Recorded information>
....
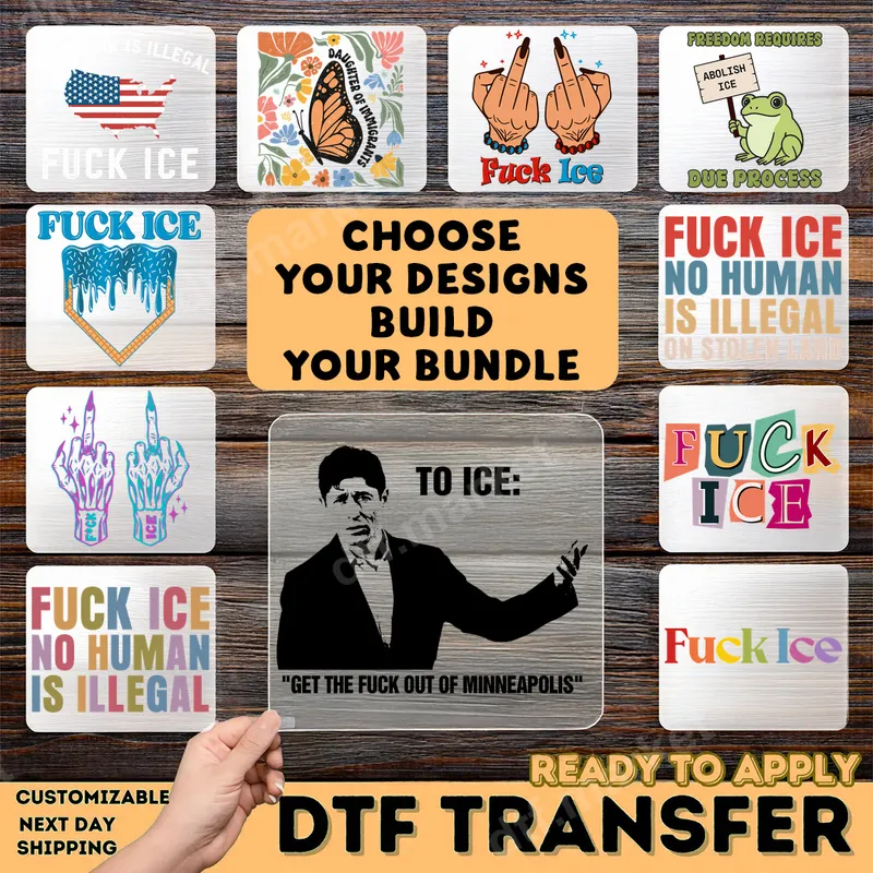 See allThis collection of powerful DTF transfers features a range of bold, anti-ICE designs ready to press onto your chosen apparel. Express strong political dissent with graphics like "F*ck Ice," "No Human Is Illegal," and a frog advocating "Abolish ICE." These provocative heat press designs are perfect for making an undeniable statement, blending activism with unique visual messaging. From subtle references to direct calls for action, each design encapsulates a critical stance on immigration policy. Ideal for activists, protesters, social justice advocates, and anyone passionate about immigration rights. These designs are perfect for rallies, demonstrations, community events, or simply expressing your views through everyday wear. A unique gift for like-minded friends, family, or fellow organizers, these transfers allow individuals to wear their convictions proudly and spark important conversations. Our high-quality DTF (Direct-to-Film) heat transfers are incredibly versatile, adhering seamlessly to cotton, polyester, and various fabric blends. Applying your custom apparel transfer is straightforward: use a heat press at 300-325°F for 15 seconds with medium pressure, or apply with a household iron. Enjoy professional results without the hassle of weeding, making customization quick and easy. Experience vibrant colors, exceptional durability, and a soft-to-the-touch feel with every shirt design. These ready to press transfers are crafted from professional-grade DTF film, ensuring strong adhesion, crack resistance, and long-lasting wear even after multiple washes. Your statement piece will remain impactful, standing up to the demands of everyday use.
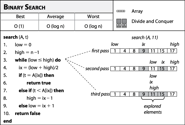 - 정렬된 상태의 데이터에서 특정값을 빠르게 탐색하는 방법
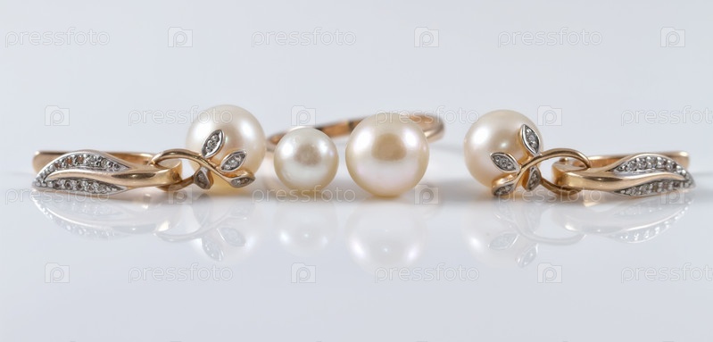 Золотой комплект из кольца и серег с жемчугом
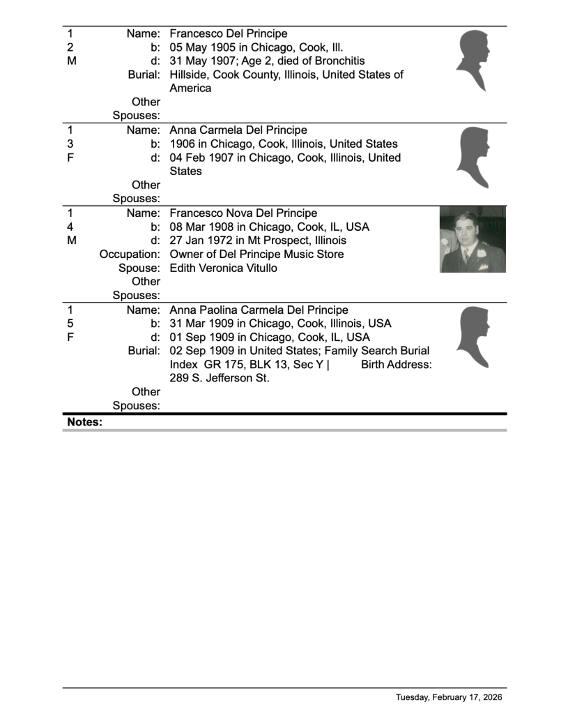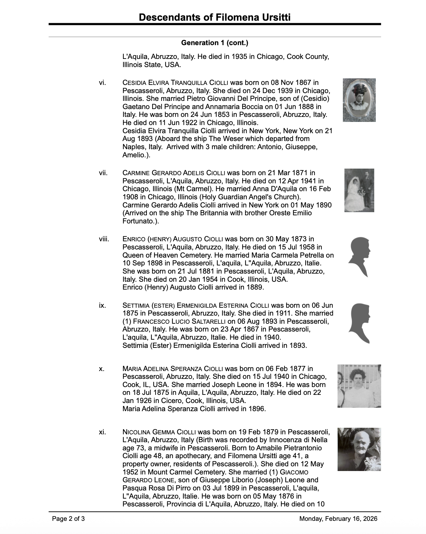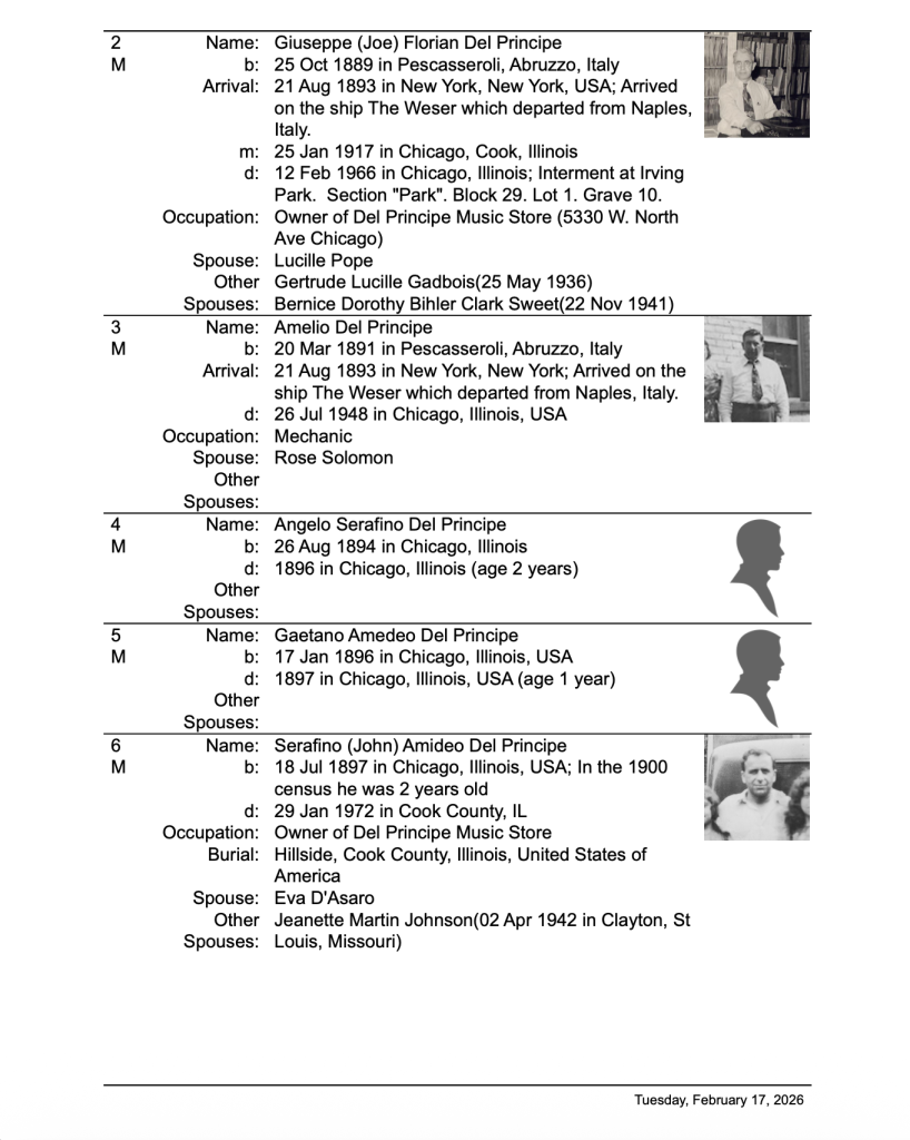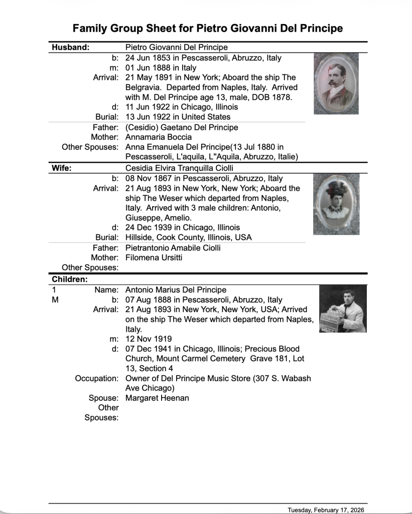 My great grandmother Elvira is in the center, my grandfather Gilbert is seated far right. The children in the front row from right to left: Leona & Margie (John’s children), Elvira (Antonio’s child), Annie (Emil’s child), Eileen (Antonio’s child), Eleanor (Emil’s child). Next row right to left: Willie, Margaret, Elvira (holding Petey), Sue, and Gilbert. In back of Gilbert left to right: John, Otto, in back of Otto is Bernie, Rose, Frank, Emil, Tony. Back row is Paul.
....
What to do> The pictures in the listing above are to be dropped, and everything else reproduced exactly.

The completed task>
 See allThis collection of powerful DTF transfers features a range of bold, anti-ICE designs ready to press onto your chosen apparel. Express strong political dissent with graphics like "F*ck Ice," "No Human Is Illegal," and a frog advocating "Abolish ICE." These provocative heat press designs are perfect for making an undeniable statement, blending activism with unique visual messaging. From subtle references to direct calls for action, each design encapsulates a critical stance on immigration policy. Ideal for activists, protesters, social justice advocates, and anyone passionate about immigration rights. These designs are perfect for rallies, demonstrations, community events, or simply expressing your views through everyday wear. A unique gift for like-minded friends, family, or fellow organizers, these transfers allow individuals to wear their convictions proudly and spark important conversations. Our high-quality DTF (Direct-to-Film) heat transfers are incredibly versatile, adhering seamlessly to cotton, polyester, and various fabric blends. Applying your custom apparel transfer is straightforward: use a heat press at 300-325°F for 15 seconds with medium pressure, or apply with a household iron. Enjoy professional results without the hassle of weeding, making customization quick and easy. Experience vibrant colors, exceptional durability, and a soft-to-the-touch feel with every shirt design. These ready to press transfers are crafted from professional-grade DTF film, ensuring strong adhesion, crack resistance, and long-lasting wear even after multiple washes. Your statement piece will remain impactful, standing up to the demands of everyday use.
 - 정렬된 상태의 데이터에서 특정값을 빠르게 탐색하는 방법
 Золотой комплект из кольца и серег с жемчугом
 My great grandmother Elvira is in the center, my grandfather Gilbert is seated far right. The children in the front row from right to left: Leona & Margie (John’s children), Elvira (Antonio’s child), Annie (Emil’s child), Eileen (Antonio’s child), Eleanor (Emil’s child). Next row right to left: Willie, Margaret, Elvira (holding Petey), Sue, and Gilbert. In back of Gilbert left to right: John, Otto, in back of Otto is Bernie, Rose, Frank, Emil, Tony. Back row is Paul.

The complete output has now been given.